Hi jerry thanks for the advice,the problem isnt so much the nut, that comes off with ease,right off the router and leaves the collet and bit stuck in place.Maybe i could soak the collet in white spirit or something to remove any oil i missed with a rag?.


----------



## Mike Wingate (Apr 26, 2009)

Give it a spray of WD40. Then clean thoroughly with a cloth. That should remove any grease or contaminant.


----------



## Old_Chipper (Mar 30, 2009)

Welcome Ammy,
Be sure you aren't bottoming the bit. Put the bit in the collet, push it to the bottom, then raise it about 1/8 inch. When you tighten the collet on a bit that is touching bottom, the collet will bind as it pushing down to close itself. You can place a o-ring in the collet then you don't have to bother with it anymore.
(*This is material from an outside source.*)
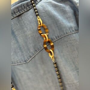 Tortoise w gold striations, matte gold links and black beads 39” length 3.5” extension

Delwalt doesn't have the self-releasing collet like PC and others do. 
Harry, TX


----------



## jschaben (Jun 21, 2009)

ammy said:


> Hi jerry thanks for the advice,the problem isnt so much the nut, that comes off with ease,right off the router and leaves the collet and bit stuck in place.Maybe i could soak the collet in white spirit or something to remove any oil i missed with a rag?.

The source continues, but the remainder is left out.